Abstract
Introduction
Long COVID involves debilitating symptoms, many of which mirror those observed with dysautonomia, and care must be taken with rehabilitation for autonomic dysfunction to avoid post-exertional malaise/post-exertional symptom exacerbation. Resonant breathing (breathing slowly at a defined rate of breaths per minute) requires less exertion and can potentially improve autonomic function. The objective of this work was to report on the impact of a resonant breathing program on self-reported symptoms and wellbeing in people with Long COVID.
Methods
A retrospective analysis of de-identified data was completed in a convenience sample of people with Long COVID, who participated in the Meo Health (formerly known as Stasis HP) resonant breathing program. Participants completed baseline and follow up surveys.
Results
Data were available for 99 participants. Most measures of symptoms and wellbeing improved at follow up, with the largest differences per participant seen in sense of wellness (47.3%, p < 0.0001), ability to focus (57.5%, p < 0.0001), ability to breathe (47.5%, p < 0.0001), ability to control stress (61.8%, p < 0.0001) and sleep quality (34.9%, p = 0.0002). Most (92%) participants reported improvement at follow up on the Patient Global Impression of Change Scale.
Conclusion
Self-reported symptoms and wellbeing improved in people with Long COVID completing resonant breathing. Resonant breathing can be considered as an option within the broader treatment plan of people with Long COVID.
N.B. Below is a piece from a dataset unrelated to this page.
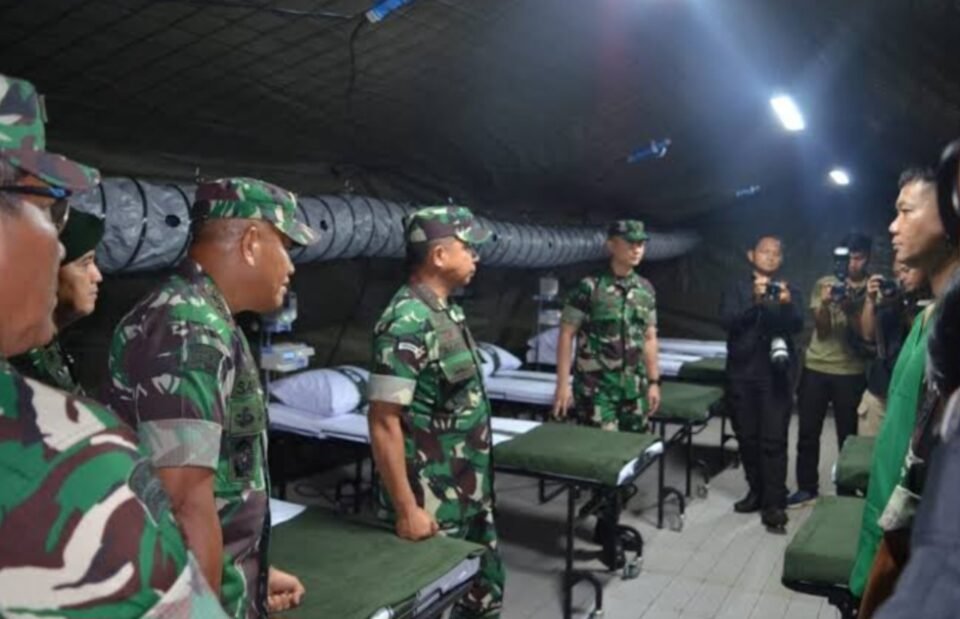 SPcom BOGOR – Panglima TNI Jenderal TNI Agus Subiyanto meninjau kesiapan Rumah Sakit Lapangan (Rumkitlap) yang digelar di Yonkes 1/1 Kostrad, Bogor. Hal itu merupakan bagian dari rangkaian penyiapan Joint Medical Humanitarian Operations (Operasi Kemanusiaan Gabungan Bidang Kesehatan) di Gaza, Palestina.

Keywords: Long COVID, resonant breathing, autonomic nervous system, autonomic dysfunction, rehabilitation
Introduction
Post-acute sequelae of SARS-CoV-2 infection (PASC), also known as Long COVID, is a post-acute infection syndrome that involves debilitating symptoms and affects at least 6% (almost 20 million) of the adult US population (1). These persistent symptoms include post-exertional malaise, fatigue, weakness, pain, shortness of breath, cognitive dysfunction, sleep disturbances, fevers, and gastrointestinal issues, and affect every organ system (2–4). Further, many symptoms of Long COVID mirror those observed with dysautonomia, including orthostatic intolerance, palpitations, tachycardia, syncope, labile blood pressure, dizziness, and exercise intolerance (5).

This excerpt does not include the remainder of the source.